Борисова-Мусатова привлекала нелицеприятная требовательность учителя, метод которого, в отличие от Грабаря, принял он полностью. В письме домашним так поведал о порядках у Кормона (а мы сравним с описанием у Грабаря): «Кормон очень похож на академического профессора Чистякова. Это невысокого роста худой старик, замечательно энергичный. Говорит он очень быстро и много, и говорит, не стесняясь, так что ученики его боятся, и он крепко их пробирает — и весьма основательно. Поправлять работы он приходит два раза в неделю. (…)
Кормон беспощаден ко всем безразлично. Одним взглядом он замечает у каждого ошибки. Его поправки и рассуждения замечательно верны. Его слова убедительны по своей правде и прямоте. Они никогда не дышат напыщенным и дурацким апломбом проф. С[орокина] или туманными и хитрыми до глупости замечаниями других наших жрецов искусства»16.

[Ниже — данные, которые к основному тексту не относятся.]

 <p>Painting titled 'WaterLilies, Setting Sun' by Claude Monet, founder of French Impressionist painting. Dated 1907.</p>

Всё хорошо, да не всё. Долгое добровольное самоотлучение от живописи в конце концов привело к раздражению на себя же самого: «Я сделал большую ошибку… на шесть месяцев забросил живопись — и в результате я теперь потерял приобретенные в ней тропы. Я её почти забыл… не хотел поддаться влиянию патрона, но я мог работать после двенадцати, т. е. гарантировать себя от его советов. Я теперь решил сделать так на будущий сезон»17.
Грабарь, будучи в Париже, много рассказывал о другой школе — художника Ашбе в Мюнхене. Вообще там многие русские учились кроме Грабаря: Кардовский, Кандинский, Билибин, петербургская соученица М.Веревкина… и Александрова. На Париж денег не было, а на Мюнхен хватило? Можно долго гадать, отчего так вышло. Быть может, понимая состояние своего поклонника, не желала она заводить свои с ним отношения слишком далеко? Чужая душа потёмки.

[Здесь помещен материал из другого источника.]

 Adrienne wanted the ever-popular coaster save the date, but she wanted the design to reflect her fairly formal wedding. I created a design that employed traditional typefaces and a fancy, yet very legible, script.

Два раза встречались они в Мюнхене; первый — когда после летнего перерыва возвращался он в 1897 году из Саратова в Париж. По дороге навестил старых знакомых.
Вот бы у кого учиться Борисову-Мусатову — у Ашбе. Во-первых, и он на Чистякова похож манерою преподавания, даже больше, чем Кормон. А во-вторых, он и живописец прекрасный, и близок импрессионизму. В-третьих, так же требователен и суров. Кардовский вспоминает первое впечатление после знакомства с Ашбе: «…ничего не умеем»18.
Может быть, лучше было остаться, не ездить в Париж? Резонов много. Он и сам признавался: «…узнал за это время, как работают там (в Мюнхене. —
В одном ли Пювисе дело? Не будем ворошить глубоко личное, допытываться до причин, какие нам все равно уже недоступны. Удовлетворимся Пювисом да признанием Грабаря: «Но общая художественная атмосфера, но художественный уровень и, главное, идеалы живописи были в Париже, вне всякого сомнения, выше, чем в Мюнхене»20.
Ну а выше «идеалов живописи» для живописца Борисова-Мусатова ничего не существовало.